Given the following PDF,
$$ f(x)= \begin{cases} x^2+c, & 0 < x < 1 \\ 0, & \text{otherwise} \end{cases} $$
Find the cumulative distribution function, \(F(x)\).
Solution
From the previous example, we had calculated that \(c=\frac{2}{3}\)

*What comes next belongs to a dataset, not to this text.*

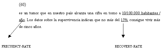 En la definición de cáncer gástrico nos encontramos con los siguientes datos, fácilmente reconocibles como pertenecientes a la categoría ontológica de attribute por la explicitación de cifras, además de por su contenido conceptual:

$$ \Rightarrow f(x)= \begin{cases} x^2+\frac{2}{3}, & 0 < x < 1 \\ 0, & \text{otherwise} \end{cases} $$
Therefore,
$$ F\left(x\right) = \begin{cases} \int_{-\infty}^x 0 \ dt=0, & \text{for } x < 0 \\ \int_{-\infty}^0 0 \ dt+ \int_0^x \left(t^2+\frac{2}{3} \right)dt=\frac{x^3}{3}+\frac{2}{3}x, & \text{for } 0 < x < 1 \\ \int_{-\infty}^{0} 0 \ dt+ \int_0^1 \left(t^2+\frac{2}{3}\right)dt+ \int_1^x 0 \ dt=1, & \text{for } x \ge 1 \end{cases} $$
A continuous random variable, \(X\), defined over the interval (0,3), has a probability density function, \(f_X (x)=2cx^5\).
Determine \(F_X(1)\)
Solution:
We first find the value of c.
We know that
$$ \begin{align*}
\int_{-\infty}^\infty f(x)dx & =1 \\
\Rightarrow \int_0^3 2cx^5 dx=c \left[ \frac {x^6}{3} \right]_0^3 & =1 \\
\Rightarrow c\left( \frac {3^6}{3} \right) &=1 \\
c & =243 \end{align*} $$
Now, the probability distribution function is given as:
$$ f_X (x)=\left\{ \begin{matrix} \frac {2}{243}x^5, & 0 \lt x \lt3 \\ 0, & \text{elsewhere} \end{matrix}\right. $$
Therefore,
$$ F_X (1)=P(X\le 1)=\int_0^1 \frac {2}{243} x^5 dx=0.0013717 $$
Learning Outcome
Topic 2. a: Univariate Random Variables – Explain and apply the concepts of random variables, probability, probability density functions, and cumulative distribution functions.